----- Information shown

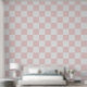 Geruite behang in pastelroze en witte kleur. Moderne minimalistische geometrische vierkante patroonschil en stokbehang.
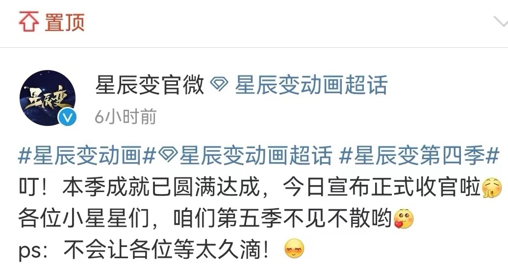 最后來(lái)說(shuō)一下這部作品第五季何時(shí)定檔。其實(shí)參考《星辰變》第三季和第四季播出時(shí)間就知道了。很多人以為一季完結了,最快也要一年之后才會(huì )再出,但是《星辰變》第四季打破了這個(gè)定律,沒(méi)有半年就復播了。
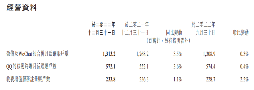 ●微信的月活跃账户数为13.13亿人,同比增长3.5%,环比增长0.3%。
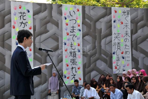 Kosulat Jenderal Jepang di Medan, Takayuki Kawaii memberikan kata sambutan pada peringatan lima tahun bencana tsunami Jepang di Museum Tsunami Aeh di Banda Aceh, Jumat (11/3). Peringatan tsunami Jepang di Aceh yang dilaksanakan setiap tahun oleh Forum Persahabatan Indonesia-Jepang itu merupakan kebersamaan kedua negara, khususnya Aceh dengan Jepang untuk mempererat solidaritas dan kerjasama kemanusian dalam menangani musibah gempa dan tsunami. ANTARA FOTO/Ampelsa/pd/16
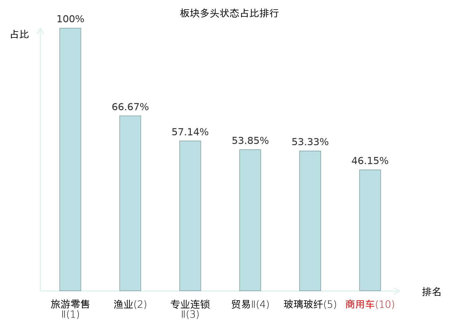 全市场所有行业板块中主力多头状态占比排名中,旅游零售Ⅱ板块位居第一。农业综合Ⅱ板块名次提升最快,较昨日上升83位。

----------

:: What you will do ::
Word for word, set down every line of the records above, and leave the pictures out.

:: Your response ::
 Geruite behang in pastelroze en witte kleur. Moderne minimalistische geometrische vierkante patroonschil en stokbehang.
 最后來(lái)說(shuō)一下這部作品第五季何時(shí)定檔。其實(shí)參考《星辰變》第三季和第四季播出時(shí)間就知道了。很多人以為一季完結了,最快也要一年之后才會(huì )再出,但是《星辰變》第四季打破了這個(gè)定律,沒(méi)有半年就復播了。
 ●微信的月活跃账户数为13.13亿人,同比增长3.5%,环比增长0.3%。
 Kosulat Jenderal Jepang di Medan, Takayuki Kawaii memberikan kata sambutan pada peringatan lima tahun bencana tsunami Jepang di Museum Tsunami Aeh di Banda Aceh, Jumat (11/3). Peringatan tsunami Jepang di Aceh yang dilaksanakan setiap tahun oleh Forum Persahabatan Indonesia-Jepang itu merupakan kebersamaan kedua negara, khususnya Aceh dengan Jepang untuk mempererat solidaritas dan kerjasama kemanusian dalam menangani musibah gempa dan tsunami. ANTARA FOTO/Ampelsa/pd/16
 全市场所有行业板块中主力多头状态占比排名中,旅游零售Ⅱ板块位居第一。农业综合Ⅱ板块名次提升最快,较昨日上升83位。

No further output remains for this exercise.